**What to produce**
Skip every picture, and copy exactly the lines from the one containing "Raymond is made" to the end of the data.

**Recorded information**
Content starts
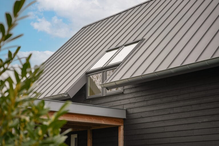 De architectuur is geïnspireerd op de klassieke schuurwoning, maar uitgevoerd in een moderne en stijlvolle vorm. Het hoge zadeldak, de donkere gevelbekleding en de royale glaspartijen geven de woning een krachtig en tijdloos karakter dat prachtig opgaat in het landschap.
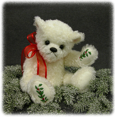 Raymond is made of Intercal's 3/W white kid mohair. It's a 3/4" medium density pile with a whirl finish. He has embroidered holly & berries on opposite paw & foot pads. The berries are accented with red glass beads. His face is lightly shaded with prisma colored pencils, his eyes are blown glass & he wears a sheer satin bow. He has sewn in tush tag & little pewter "made with love" heart on his rump. He's very special to me so I named him after my step-son. After all my hard work I had to hold on to him for a while. He'll be available for adoption on Ebay Dec. 1st., until then be sure to look for him in the magazine. bear_laugh ~ yaaa
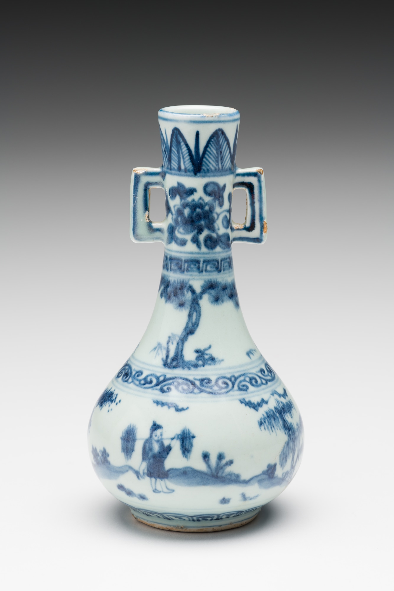 • Chinese Blue and White Vase with Handles, Ming Dynasty, ca. 1368-1644
Content ends
**Output**
 Raymond is made of Intercal's 3/W white kid mohair. It's a 3/4" medium density pile with a whirl finish. He has embroidered holly & berries on opposite paw & foot pads. The berries are accented with red glass beads. His face is lightly shaded with prisma colored pencils, his eyes are blown glass & he wears a sheer satin bow. He has sewn in tush tag & little pewter "made with love" heart on his rump. He's very special to me so I named him after my step-son. After all my hard work I had to hold on to him for a while. He'll be available for adoption on Ebay Dec. 1st., until then be sure to look for him in the magazine. bear_laugh ~ yaaa
 • Chinese Blue and White Vase with Handles, Ming Dynasty, ca. 1368-1644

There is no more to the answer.